CDP Socket
cdp-socket is a Python library designed for programmatically interacting with the Chrome DevTools Protocol (CDP). It provides a high-level asynchronous API to control Chrome-based browsers, enabling tasks such as browser automation, scraping, and debugging. The library is currently at version 1.2.8, with its last release in April 2024, indicating active maintenance and a regular, albeit not fixed, release cadence.
Common errors
-
RuntimeWarning: Enable tracemalloc to get the object allocation traceback
cause The `launch_chrome` function or subsequent operations are not correctly terminating the Chrome browser process, leading to orphaned processes and resource leaks.fixEnsure `os.kill(process.pid, 15)` is called in a `finally` block to guarantee the Chrome process is terminated even if errors occur. Also, consider removing the temporary data directory with `shutil.rmtree()`. -
cdp_socket.utils.conn.WebSocketConnectionError: Failed to connect to websocket url ... after ... seconds
cause The Chrome browser did not start correctly, or the remote debugging port was not exposed, or the connection attempt timed out.fixVerify that Chrome is installed and runnable.
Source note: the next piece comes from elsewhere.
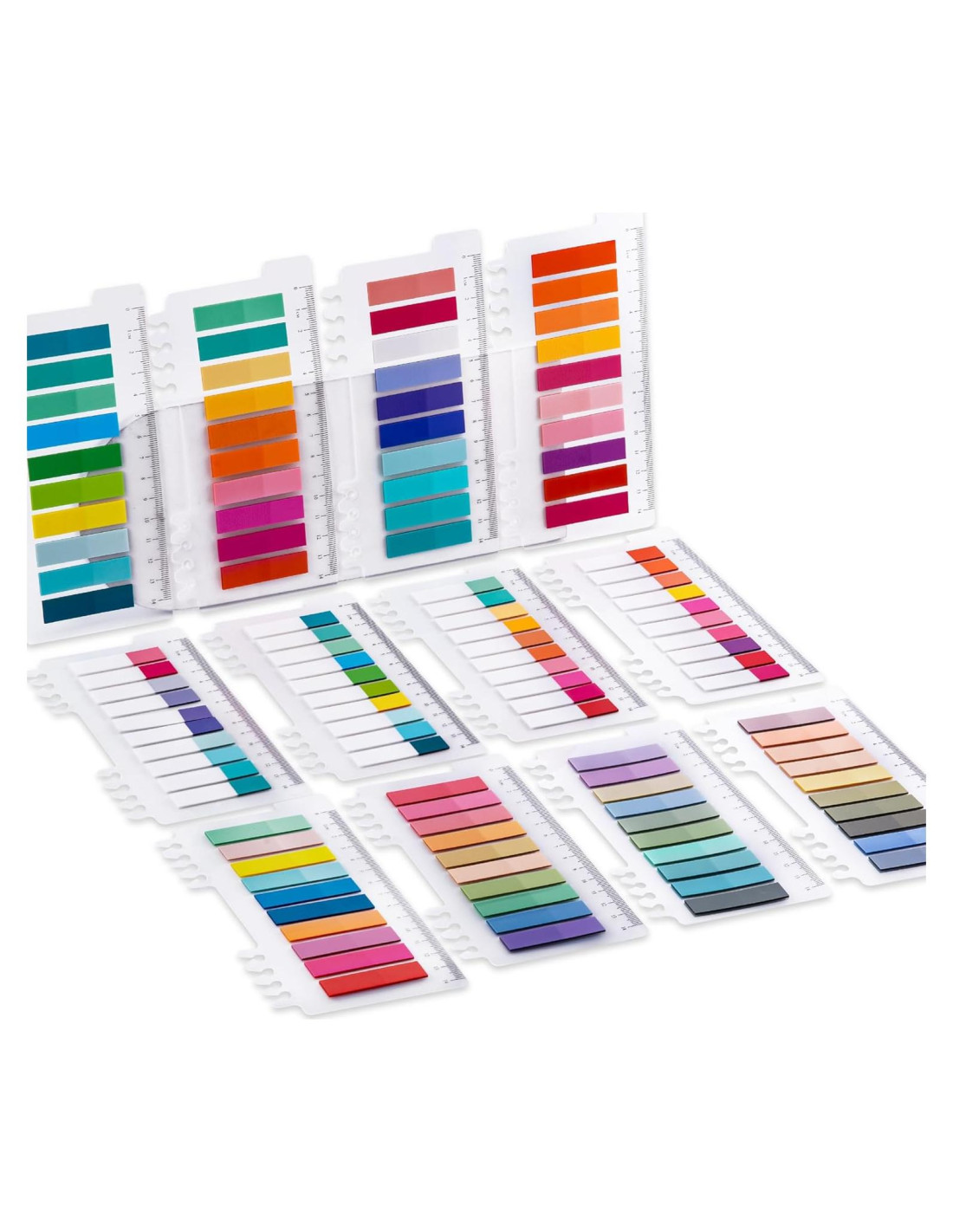 - [AMPLIA APLICACIÓN] Las pestañas adhesivas translúcidas para libros se pueden usar para clasificar y marcar documentos, tableros de mensajes de computadora, notas de lectura, libros, carpetas, diarios, catálogos, archivos, documentos y papeles, y son muy adecuadas para estudiantes, maestros y trabajadores de oficina. Al usar las teclas de índice de múltiples colores son más prominentes, ahorrándote tiempo y mejorando la eficiencia del aprendizaje.

Check the logs for `launch_chrome` to see if it printed any errors. Increase the `timeout` parameter for `get_websock_url` and `SingleCDPSocket` if running on a slower system. -
await sock.exec("Page.navigate", {"url": "https://example.com"}) resulted in an error like 'Target.navigate' was not found.cause You are attempting to use a page-specific command (like 'Page.navigate') on a browser-level target, or vice-versa. Some commands are scoped to the overall browser, while others are specific to a particular page or execution context.fixFirst, use `Target.getTargets()` to list all available targets. Identify the 'page' target's WebSocket URL. You may need to create a new `SingleCDPSocket` instance connected to that specific page URL if you're not already, or ensure your initial connection is to a page target if that's your intent. The `sock.exec` method can target specific sessions using a `sessionId` if you attach to a target.
Warnings
- gotcha Chrome/Chromium browser must be installed and accessible in the system's PATH, or its path explicitly provided to `launch_chrome`. If the browser is not found, `launch_chrome` will fail.
- breaking Connecting to the wrong CDP endpoint (e.g., browser-level vs. page-level) will cause commands to fail with 'command not found' or 'invalid session ID' errors. Browser-level commands require a browser target, while DOM/Page/Network commands require a page target.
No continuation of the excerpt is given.